--- HOW TO COMPLETE THIS TASK ---
Your output should be exactly the lines from the one containing "Paper speech bubble" through the last line of the listing, and nothing else. Pictures stay out.

--- DATA EXTRACT ---

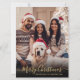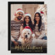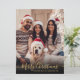 Modern Elegant Black och Guld Script 2 Photo God jul Script Helgdag Card. Den här snygga, enkla, minimalistiska, nyktra mallen för Julhälsningar kort innehåller texten "God jul" hälsning, som är skriven i ett vackert handskrivet, snabbt bytesfärgat kalligrafiskript i svan i guld på svart bakgrund i färg. På motsatt sida med din hälsning-meddelandemall med en liten hjärtdocka på vitt och en fotomall. Söt hälsningskort för din familj och dina vänner under julens Julhelg.
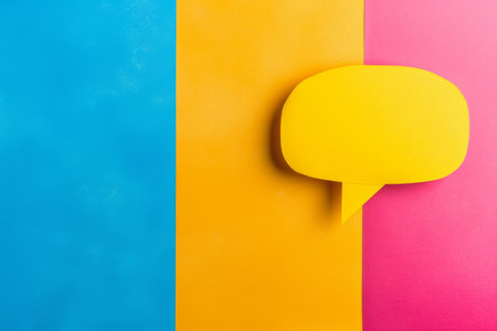 Paper speech bubble on a yellow background. Top view with copy space. Flat lay.
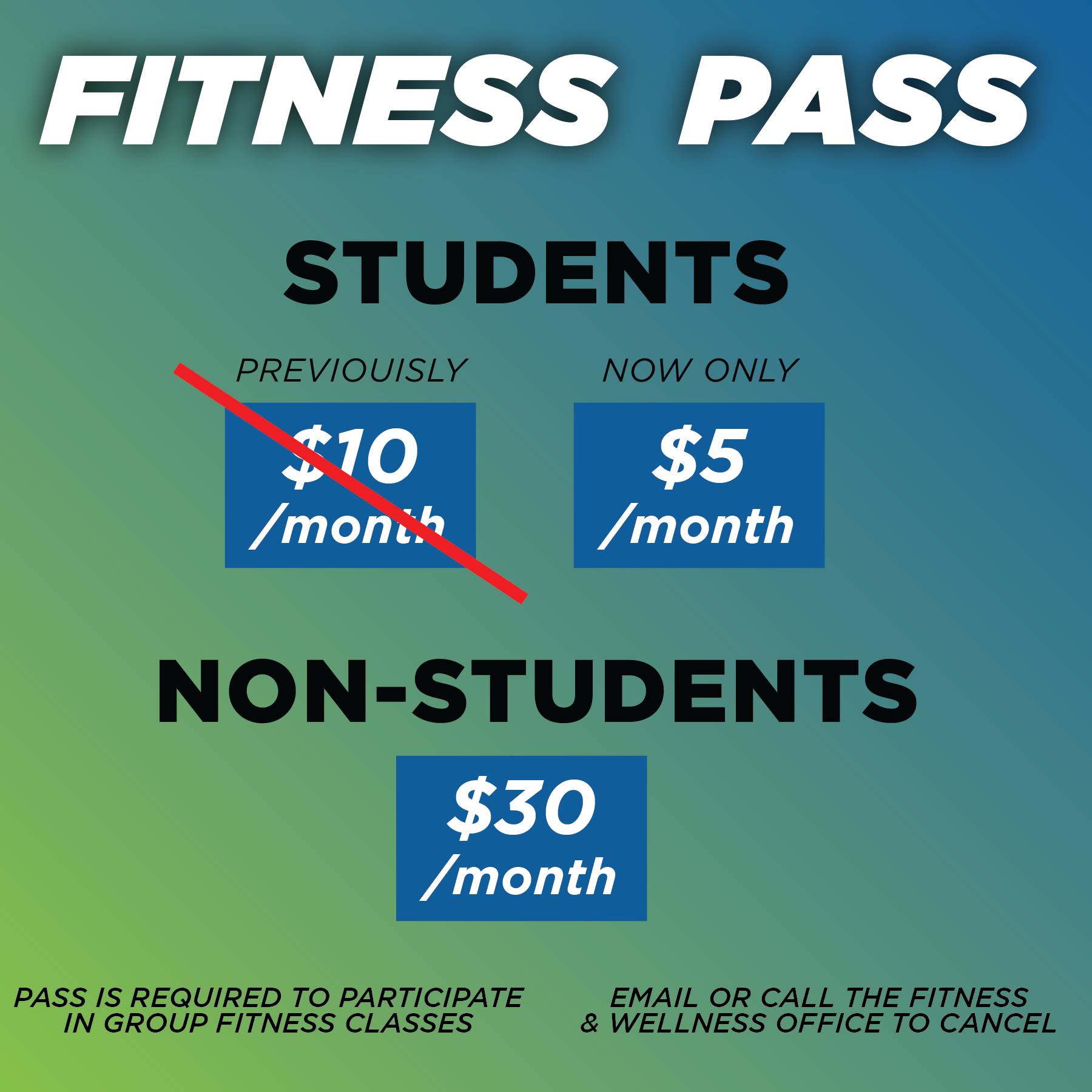 - Student Semester All Class Pass: $50

--- ANSWER SECTION ---
 Paper speech bubble on a yellow background. Top view with copy space. Flat lay.
 - Student Semester All Class Pass: $50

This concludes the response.